Bijzondere omstandigheden
7.1
Eiser is tot slot van mening dat het zware inreisverbod en het terugkeerbesluit, onevenredig zwaar, niet redelijk en disproportioneel zijn. Immers, juist als de aan hem opgelegde straf wél in hoger beroep zou blijven staan, betekent dit dat hij al flink gestraft is en een substantieel deel van zijn leven kwijt is. Eiser wijst in dit verband naar zijn huwelijk, zijn kinderwens en het feit dat Albanië een arm land is. Zijn vrouw kan niet naar Albanië. Verweerder haalt daarbij steeds twee scenario’s door elkaar. Het ene moment wordt uitgegaan van een verblijfsvergunning van eiser in Litouwen. Het andere moment wordt zijn dossier beoordeeld alsof hij een volledig illegale vreemdeling is, zonder verblijfsrecht voor Nederland of de Europese Unie, terwijl evident is dat dit laatste niet juist is.
7.2
Verweerder stelt zich op het standpunt dat door eiser geen bijzondere omstandigheden zijn aangevoerd waarom hij toegang moet blijven houden tot de Europese Unie. De omstandigheid dat eiser in zijn land van herkomst in een economisch slechtere situatie terecht zou kunnen komen rechtvaardigt, nog afgezien van het feit dat de stelling door eiser niet is onderbouwd of geconcretiseerd en speculatief van aard is, niet de conclusie dat hij daarom toegang moet blijven houden tot de Europese Unie. Niet is onderbouwd dat eiser vanwege legale arbeid of zakelijke belangen toegang tot de Europese Unie moet kunnen houden. Ten aanzien van de echtgenote wordt door verweerder verwezen naar hetgeen eerder uiteen is gezet inzake het Europees verblijfsrecht.
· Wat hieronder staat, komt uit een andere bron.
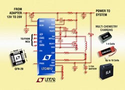 Linear Technology Corporation présente les LTC4012, LTC4012-1 et LTC4012-2, des contrôleurs de chargeur de batterie, à découpage, de fort rendement, pouvant assurer une charge rapide à 4 A, pour plusieurs types de batteries. Le LTC4012 convient aux batteries à un élément ou à plusieurs éléments de type Li-ion / polymère, NiMH, NiCd et au plomb étanche. Le LTC4012 possède une tension de fin de charge programmable, tandis que le LTC4012-1 et le LTC4012-2 utilisent un diviseur résistif interne programmable pour charger de 1 à 4 éléments au Lithium en série à des tensions multiples de 4,1 v et 4,2 V, respectivement.
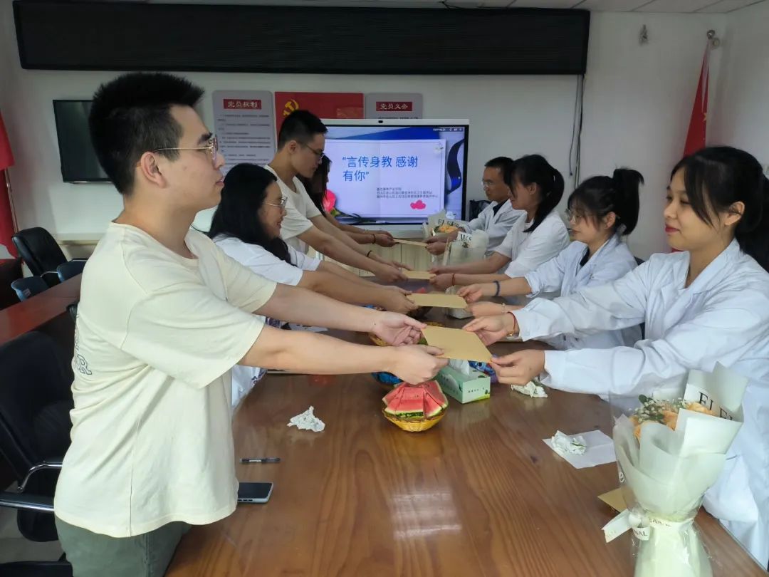 教师节是一个特别的日子,表达着人们对教师的尊重和敬意,更表达着人们对教师的感恩之情。我们除了感谢在学校里教给我们知识的老师,同样我们也应该感谢传授我们一技之长,帮助我们在职场迅速成长的老师。9月8日,由仓山区金山街道问需金洲社区卫生服务站、福州市仓山区上古健康服务中心党支部、泰古康养产业学院举办的“言传身教 感谢有你”教师节主题党日活动在金洲社区开展,在这个即将到来的特殊的节日,组织实习生向他们的“带教老师”送上诚挚的祝福。

Eiser heeft geen enkele informatie verstrekt over zijn echtgenote en evenmin of zij met eiser in Nederland verblijft, zodat reeds hierom een verwijzing naar de echtgenote niet maakt dat het inreisverbod of de duur daarvan disproportioneel zou zijn.
7.3
De rechtbank is van oordeel dat verweerder zich op het standpunt heeft kunnen stellen dat hij in de door eiser genoemde omstandigheden geen aanleiding heeft hoeven zien om van het terugkeerbesluit en het inreisverbod af te zien. Daartoe overweegt de rechtbank dat eiser zijn stellingen ten aanzien van het huwelijk, de kinderwens en Albanië, niet heeft onderbouwd. Van een onevenredig zwaar, niet redelijk en disproportioneel besluit is niet gebleken. Voor wat betreft het betoog van eiser dat verweerder twee scenario’s door elkaar haalt wijst de rechtbank op dat wat in rechtsoverweging 2.4 is overwogen. Het betoog van eiser slaagt niet.
8.1
Het beroep is ongegrond.
8.2
Voor een proceskostenveroordeling bestaat geen aanleiding.
Beslissing
De rechtbank verklaart het beroep ongegrond.
Deze uitspraak is gedaan door mr. N.M. van Waterschoot, voorzitter, en mr. J. van den Bosch en mr. dr. A.G.D. Overmars, leden, in aanwezigheid van mr. M.A. Buikema, griffier.
De uitspraak is uitgesproken in het openbaar en bekendgemaakt op:
Rechtsmiddel
Tegen deze uitspraak kan hoger beroep worden ingesteld bij de Afdeling bestuursrechtspraak van de Raad van State binnen vier weken na de dag van bekendmaking.